On occasion, Tomislav Nikolic’s paintings can be unruly, testing the tolerance of tasteful decorum with their raised voice and contentious tones. These wild polychrome adventures desire all our attention and seem prepared, if necessary, to stamp their feet to get it.
And yet for all their bolshie, flamboyant behaviour Nikolic’s paintings seem to be able to express a deeper, private dignity – all whilst donning their best party outfit. What fascinates me about them is that every element matters. One might assume that with paintings that flirt so demonstrably with excess, they would risk intemperance, but they ultimately express a level of judgement and intuition that is critical and rare.

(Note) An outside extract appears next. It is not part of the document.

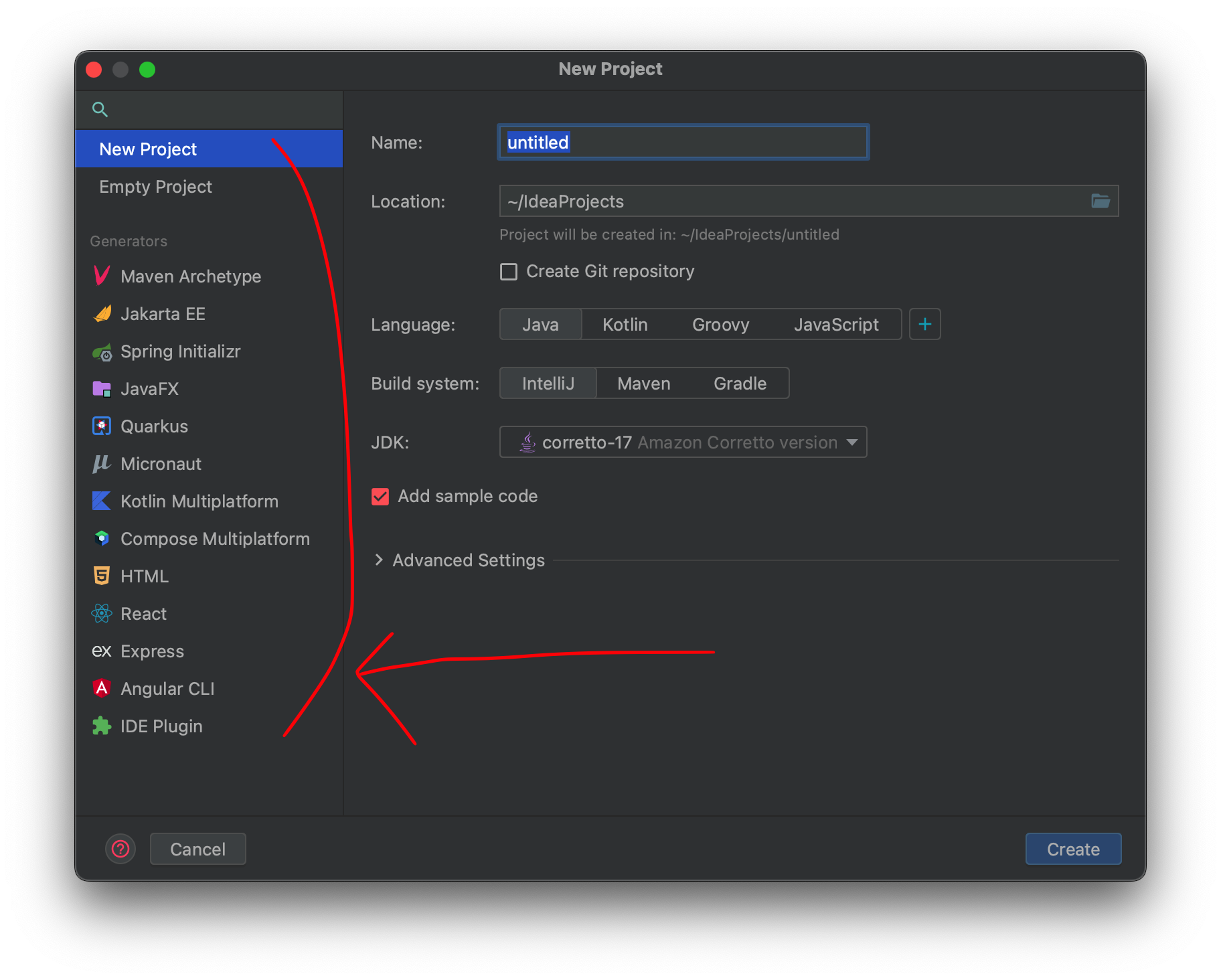 기본적으로 인텔리제이에서 새 프로젝트를 만들면 뷰 프로젝트가 안보인다
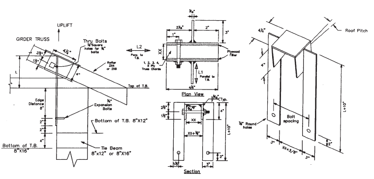 9) Uplift values are also controlled by compression perpendicular to grain of 565 psi for Southern Pine per NDS-2005. For other species, contact Engineer for values.

Does Nikolic want that paintings shoulder the philosophical loading that the great abstract expressionists desired? Does he believe that systemic process and material are sufficient ingredients in the making of paintings? Unlikely. Does he believe in the magical communicative power of colour and for it to be an agent of psychological and emotional transformation? You bet he does. And so, what Nikolic has set out to achieve is a synthesis of various arcane chromatic theories with a highly personal investigation of pigment and its unpredictable behaviour, in the hope that it emboldens ours.
Being’s believin’ is the 12th solo exhibition that Nikolic has made with Fox Jensen & Fox Jensen McCrory. This new exhibition also serves as a celebration marking the publishing of Invocations of Consciousness, the first major monograph on Nikolic’s works. With a series of essays, most notably with an introduction by Juliana Engberg and a major text by Julie Ewington, Invocations of Consciousness places Nikolic’s paintings in a welcome historical context and offers insights into the conceptual terrain that has underpinned his work.